The Seer and the Seen
Holy Madonna or provocative harlot – for a long time, these were the predominant images of femininity found in art. American artist Trulee Hall has also explored them in her video work “Two Tongues Duel the Corn Whores, An Opera,” which is part of this exhibition.
The opera, narrated by a beatboxer, tells the story of the tension-filled duel between the two intersecting images of femininity, the Madonna and the harlot. The battle unfolds in acts of masturbation, striptease, domestic martyrdom, and a ritual of immaculate conception. In the monologue-style narration of the storyteller, the phrase “The Seer and the Seen” is mentioned, which is the titular theme of the current exhibition.

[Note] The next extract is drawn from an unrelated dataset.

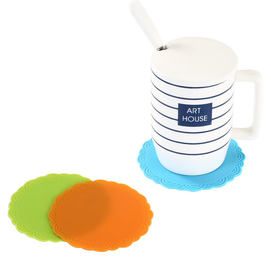 Silicone coaster creative thickened round placemat household insulation pad bowl pad waterproof and anti-scalding tea cup cushion 6 pieces

Hall’s concerns go beyond the representation of gender and sexuality; she also delves into the relationship between subject and object, seer and seen. Who are the viewers, and who are the viewed? Is seeing an aesthetic or moral judgment, or even a voyeuristic act?
Hall works across various media, often staging her sculptures, paintings, and videos in settings reminiscent of theatrical sets. Her video works combine live recordings, computer animations, and stop-motion films created with clay figures, blurring the boundaries between the real and the fictitious.
The 45-year-old artist’s works have already been exhibited at the FRIEZE art fair in Los Angeles. The Zabludowicz Collection in London dedicated a solo exhibition to her in 2020, during which they produced the opera together. Now, Villa Schöningen is presenting her works for the first time in Germany.
The figures in Hall’s works emancipate themselves from their role as objects that exist only to be seen. This becomes even clearer in the context of the old masters with whom Hall’s works are contrasted in the current exhibition. While in Albrecht Dürer’s “The Fall of Man,” the bite of the apple leads to damnation, Trulee Hall’s interpretation of Eve already holds out the second apple for enjoyable consumption.
Her figures rise above the societal gaze assigned to them, and her works offer new patterns of interpretation for what is seen and who is seen. In her visual worlds, the relationship between the seer and the seen is not a violent one but unfolds an emancipatory potential.